**What you will do**
Send back every line of the data exactly.

**Supplied information**
═══

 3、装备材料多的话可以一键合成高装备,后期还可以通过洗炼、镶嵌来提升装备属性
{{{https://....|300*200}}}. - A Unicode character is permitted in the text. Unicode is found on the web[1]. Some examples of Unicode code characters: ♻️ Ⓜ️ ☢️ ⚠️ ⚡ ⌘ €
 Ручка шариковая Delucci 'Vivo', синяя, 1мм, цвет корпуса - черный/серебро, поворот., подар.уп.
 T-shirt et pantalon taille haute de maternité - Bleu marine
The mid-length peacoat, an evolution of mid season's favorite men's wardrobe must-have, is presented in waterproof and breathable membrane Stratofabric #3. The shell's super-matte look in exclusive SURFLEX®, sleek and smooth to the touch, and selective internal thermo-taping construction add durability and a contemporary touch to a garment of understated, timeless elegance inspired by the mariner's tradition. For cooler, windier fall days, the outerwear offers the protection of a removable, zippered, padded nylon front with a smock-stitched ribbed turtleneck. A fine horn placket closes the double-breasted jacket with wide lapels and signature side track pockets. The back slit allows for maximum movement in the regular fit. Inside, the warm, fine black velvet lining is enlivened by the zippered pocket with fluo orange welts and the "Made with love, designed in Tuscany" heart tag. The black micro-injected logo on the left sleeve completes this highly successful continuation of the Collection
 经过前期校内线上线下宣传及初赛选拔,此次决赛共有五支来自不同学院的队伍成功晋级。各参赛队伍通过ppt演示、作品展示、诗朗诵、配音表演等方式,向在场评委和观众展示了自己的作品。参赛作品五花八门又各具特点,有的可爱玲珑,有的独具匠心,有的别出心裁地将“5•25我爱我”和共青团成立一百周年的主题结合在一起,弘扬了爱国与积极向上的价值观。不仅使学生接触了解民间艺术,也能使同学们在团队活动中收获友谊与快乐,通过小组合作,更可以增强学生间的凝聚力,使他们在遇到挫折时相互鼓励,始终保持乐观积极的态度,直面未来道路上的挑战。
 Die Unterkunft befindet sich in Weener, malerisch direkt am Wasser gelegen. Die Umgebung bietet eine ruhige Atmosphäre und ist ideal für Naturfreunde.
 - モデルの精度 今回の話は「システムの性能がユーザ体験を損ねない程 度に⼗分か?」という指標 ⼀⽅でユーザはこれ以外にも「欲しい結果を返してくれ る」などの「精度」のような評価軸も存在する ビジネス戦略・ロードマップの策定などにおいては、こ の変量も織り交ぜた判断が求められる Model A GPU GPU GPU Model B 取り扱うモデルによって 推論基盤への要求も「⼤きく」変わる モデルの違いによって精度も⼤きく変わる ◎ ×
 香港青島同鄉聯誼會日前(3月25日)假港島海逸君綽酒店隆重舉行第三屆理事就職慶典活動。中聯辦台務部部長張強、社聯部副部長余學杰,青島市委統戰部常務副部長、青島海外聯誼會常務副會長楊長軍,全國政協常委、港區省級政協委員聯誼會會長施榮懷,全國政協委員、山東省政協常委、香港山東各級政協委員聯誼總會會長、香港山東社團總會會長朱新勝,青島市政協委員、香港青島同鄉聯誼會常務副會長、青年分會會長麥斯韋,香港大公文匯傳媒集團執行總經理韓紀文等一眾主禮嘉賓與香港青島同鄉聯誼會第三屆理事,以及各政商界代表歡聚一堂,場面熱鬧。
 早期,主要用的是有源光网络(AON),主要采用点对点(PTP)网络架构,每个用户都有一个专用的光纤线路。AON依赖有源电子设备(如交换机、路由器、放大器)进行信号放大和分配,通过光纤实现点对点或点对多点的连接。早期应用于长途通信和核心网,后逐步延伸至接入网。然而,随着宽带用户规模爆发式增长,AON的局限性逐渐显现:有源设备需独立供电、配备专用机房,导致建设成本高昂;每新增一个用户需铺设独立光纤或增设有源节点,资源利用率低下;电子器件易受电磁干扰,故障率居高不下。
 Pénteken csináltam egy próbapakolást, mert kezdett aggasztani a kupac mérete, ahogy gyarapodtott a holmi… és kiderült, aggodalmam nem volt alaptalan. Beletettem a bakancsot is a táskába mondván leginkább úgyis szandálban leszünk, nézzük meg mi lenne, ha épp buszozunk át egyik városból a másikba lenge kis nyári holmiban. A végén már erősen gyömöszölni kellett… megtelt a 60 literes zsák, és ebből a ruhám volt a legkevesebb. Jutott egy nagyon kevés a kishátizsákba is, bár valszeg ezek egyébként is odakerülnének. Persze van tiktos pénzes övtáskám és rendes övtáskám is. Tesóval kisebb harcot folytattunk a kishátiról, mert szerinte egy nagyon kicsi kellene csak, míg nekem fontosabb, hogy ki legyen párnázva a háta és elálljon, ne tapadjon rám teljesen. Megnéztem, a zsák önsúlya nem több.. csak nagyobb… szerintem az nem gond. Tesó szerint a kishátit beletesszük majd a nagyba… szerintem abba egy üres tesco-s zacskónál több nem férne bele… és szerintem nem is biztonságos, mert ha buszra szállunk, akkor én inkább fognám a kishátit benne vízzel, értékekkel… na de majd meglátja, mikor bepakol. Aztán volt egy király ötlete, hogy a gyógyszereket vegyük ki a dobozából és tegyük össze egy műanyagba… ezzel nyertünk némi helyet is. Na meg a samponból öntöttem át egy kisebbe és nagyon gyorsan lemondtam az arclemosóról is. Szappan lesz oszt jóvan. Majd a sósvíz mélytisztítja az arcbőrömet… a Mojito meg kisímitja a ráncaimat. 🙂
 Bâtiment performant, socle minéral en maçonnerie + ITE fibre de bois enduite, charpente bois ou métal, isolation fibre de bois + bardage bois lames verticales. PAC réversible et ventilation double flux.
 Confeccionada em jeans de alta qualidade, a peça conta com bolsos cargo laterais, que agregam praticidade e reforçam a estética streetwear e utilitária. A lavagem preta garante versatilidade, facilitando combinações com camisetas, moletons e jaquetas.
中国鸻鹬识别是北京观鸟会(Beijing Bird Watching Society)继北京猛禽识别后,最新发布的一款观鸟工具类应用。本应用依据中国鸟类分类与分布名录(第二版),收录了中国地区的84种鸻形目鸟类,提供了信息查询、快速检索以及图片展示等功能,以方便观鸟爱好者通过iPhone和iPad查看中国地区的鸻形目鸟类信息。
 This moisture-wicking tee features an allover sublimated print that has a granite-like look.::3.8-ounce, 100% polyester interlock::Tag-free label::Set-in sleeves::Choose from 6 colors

═══

**Exercise result**
 3、装备材料多的话可以一键合成高装备,后期还可以通过洗炼、镶嵌来提升装备属性
{{{https://....|300*200}}}. - A Unicode character is permitted in the text. Unicode is found on the web[1]. Some examples of Unicode code characters: ♻️ Ⓜ️ ☢️ ⚠️ ⚡ ⌘ €
 Ручка шариковая Delucci 'Vivo', синяя, 1мм, цвет корпуса - черный/серебро, поворот., подар.уп.
 T-shirt et pantalon taille haute de maternité - Bleu marine
The mid-length peacoat, an evolution of mid season's favorite men's wardrobe must-have, is presented in waterproof and breathable membrane Stratofabric #3. The shell's super-matte look in exclusive SURFLEX®, sleek and smooth to the touch, and selective internal thermo-taping construction add durability and a contemporary touch to a garment of understated, timeless elegance inspired by the mariner's tradition. For cooler, windier fall days, the outerwear offers the protection of a removable, zippered, padded nylon front with a smock-stitched ribbed turtleneck. A fine horn placket closes the double-breasted jacket with wide lapels and signature side track pockets. The back slit allows for maximum movement in the regular fit. Inside, the warm, fine black velvet lining is enlivened by the zippered pocket with fluo orange welts and the "Made with love, designed in Tuscany" heart tag. The black micro-injected logo on the left sleeve completes this highly successful continuation of the Collection
 经过前期校内线上线下宣传及初赛选拔,此次决赛共有五支来自不同学院的队伍成功晋级。各参赛队伍通过ppt演示、作品展示、诗朗诵、配音表演等方式,向在场评委和观众展示了自己的作品。参赛作品五花八门又各具特点,有的可爱玲珑,有的独具匠心,有的别出心裁地将“5•25我爱我”和共青团成立一百周年的主题结合在一起,弘扬了爱国与积极向上的价值观。不仅使学生接触了解民间艺术,也能使同学们在团队活动中收获友谊与快乐,通过小组合作,更可以增强学生间的凝聚力,使他们在遇到挫折时相互鼓励,始终保持乐观积极的态度,直面未来道路上的挑战。
 Die Unterkunft befindet sich in Weener, malerisch direkt am Wasser gelegen. Die Umgebung bietet eine ruhige Atmosphäre und ist ideal für Naturfreunde.
 - モデルの精度 今回の話は「システムの性能がユーザ体験を損ねない程 度に⼗分か?」という指標 ⼀⽅でユーザはこれ以外にも「欲しい結果を返してくれ る」などの「精度」のような評価軸も存在する ビジネス戦略・ロードマップの策定などにおいては、こ の変量も織り交ぜた判断が求められる Model A GPU GPU GPU Model B 取り扱うモデルによって 推論基盤への要求も「⼤きく」変わる モデルの違いによって精度も⼤きく変わる ◎ ×
 香港青島同鄉聯誼會日前(3月25日)假港島海逸君綽酒店隆重舉行第三屆理事就職慶典活動。中聯辦台務部部長張強、社聯部副部長余學杰,青島市委統戰部常務副部長、青島海外聯誼會常務副會長楊長軍,全國政協常委、港區省級政協委員聯誼會會長施榮懷,全國政協委員、山東省政協常委、香港山東各級政協委員聯誼總會會長、香港山東社團總會會長朱新勝,青島市政協委員、香港青島同鄉聯誼會常務副會長、青年分會會長麥斯韋,香港大公文匯傳媒集團執行總經理韓紀文等一眾主禮嘉賓與香港青島同鄉聯誼會第三屆理事,以及各政商界代表歡聚一堂,場面熱鬧。
 早期,主要用的是有源光网络(AON),主要采用点对点(PTP)网络架构,每个用户都有一个专用的光纤线路。AON依赖有源电子设备(如交换机、路由器、放大器)进行信号放大和分配,通过光纤实现点对点或点对多点的连接。早期应用于长途通信和核心网,后逐步延伸至接入网。然而,随着宽带用户规模爆发式增长,AON的局限性逐渐显现:有源设备需独立供电、配备专用机房,导致建设成本高昂;每新增一个用户需铺设独立光纤或增设有源节点,资源利用率低下;电子器件易受电磁干扰,故障率居高不下。
 Pénteken csináltam egy próbapakolást, mert kezdett aggasztani a kupac mérete, ahogy gyarapodtott a holmi… és kiderült, aggodalmam nem volt alaptalan. Beletettem a bakancsot is a táskába mondván leginkább úgyis szandálban leszünk, nézzük meg mi lenne, ha épp buszozunk át egyik városból a másikba lenge kis nyári holmiban. A végén már erősen gyömöszölni kellett… megtelt a 60 literes zsák, és ebből a ruhám volt a legkevesebb. Jutott egy nagyon kevés a kishátizsákba is, bár valszeg ezek egyébként is odakerülnének. Persze van tiktos pénzes övtáskám és rendes övtáskám is. Tesóval kisebb harcot folytattunk a kishátiról, mert szerinte egy nagyon kicsi kellene csak, míg nekem fontosabb, hogy ki legyen párnázva a háta és elálljon, ne tapadjon rám teljesen. Megnéztem, a zsák önsúlya nem több.. csak nagyobb… szerintem az nem gond. Tesó szerint a kishátit beletesszük majd a nagyba… szerintem abba egy üres tesco-s zacskónál több nem férne bele… és szerintem nem is biztonságos, mert ha buszra szállunk, akkor én inkább fognám a kishátit benne vízzel, értékekkel… na de majd meglátja, mikor bepakol. Aztán volt egy király ötlete, hogy a gyógyszereket vegyük ki a dobozából és tegyük össze egy műanyagba… ezzel nyertünk némi helyet is. Na meg a samponból öntöttem át egy kisebbe és nagyon gyorsan lemondtam az arclemosóról is. Szappan lesz oszt jóvan. Majd a sósvíz mélytisztítja az arcbőrömet… a Mojito meg kisímitja a ráncaimat. 🙂
 Bâtiment performant, socle minéral en maçonnerie + ITE fibre de bois enduite, charpente bois ou métal, isolation fibre de bois + bardage bois lames verticales. PAC réversible et ventilation double flux.
 Confeccionada em jeans de alta qualidade, a peça conta com bolsos cargo laterais, que agregam praticidade e reforçam a estética streetwear e utilitária. A lavagem preta garante versatilidade, facilitando combinações com camisetas, moletons e jaquetas.
中国鸻鹬识别是北京观鸟会(Beijing Bird Watching Society)继北京猛禽识别后,最新发布的一款观鸟工具类应用。本应用依据中国鸟类分类与分布名录(第二版),收录了中国地区的84种鸻形目鸟类,提供了信息查询、快速检索以及图片展示等功能,以方便观鸟爱好者通过iPhone和iPad查看中国地区的鸻形目鸟类信息。
 This moisture-wicking tee features an allover sublimated print that has a granite-like look.::3.8-ounce, 100% polyester interlock::Tag-free label::Set-in sleeves::Choose from 6 colors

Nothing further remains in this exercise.